Permutation and combination Number of Bits Problem

Question

how many bit strings of length eight either start with a '1' bit or end with the two bits '00'? I got the answer 128 by using the "exclusive or" approach i.e. for bit strings starting with '1': There is one way to choose the first bit, 2^5 ways to choose the succeeding 5 bits and 3 ways to choose the last 2 bits= 3*2^5 and for bits ending with '00': There is one way to choose the first and last two bits and 2^5 ways to choose the remaining bits= 2^5 Therefore answer will be= 3*2^5+2^5=128.

Answer 1

Recall that $$n(A\cup B)=n(A)+n(B)-n(A\cap B)$$ where $A$ is the set of $8$ length bit strings starting with $1,B$ is the set of $8$ length bit strings ending in $00$.

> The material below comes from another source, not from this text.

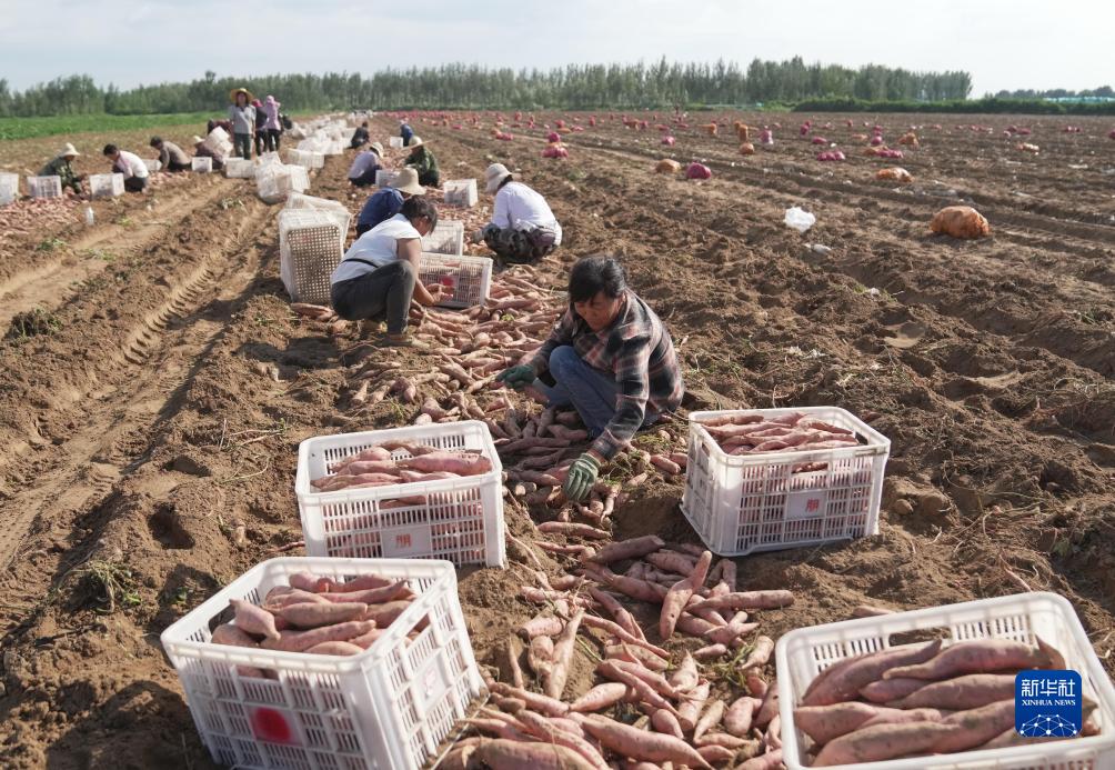 8月28日,灤州市九百戶鎮一家鮮食紅薯種植合作社的社員在田間收穫煙薯。

$n(A)=2^7$, because the remaining last $7$ bits can be $0,1$.

$n(B)=2^6$, because the remaining first $4$ bits can be $0,1$.

$n(A\cap B)$ is the number of $8$ length bit strings which both start with $1$ and end in $00$. Thus, there are $5$ bits which we can vary, resulting in $n(A\cap B)=2^5$.

The required answer is $2^7+2^6-2^5=128+64-32=160$.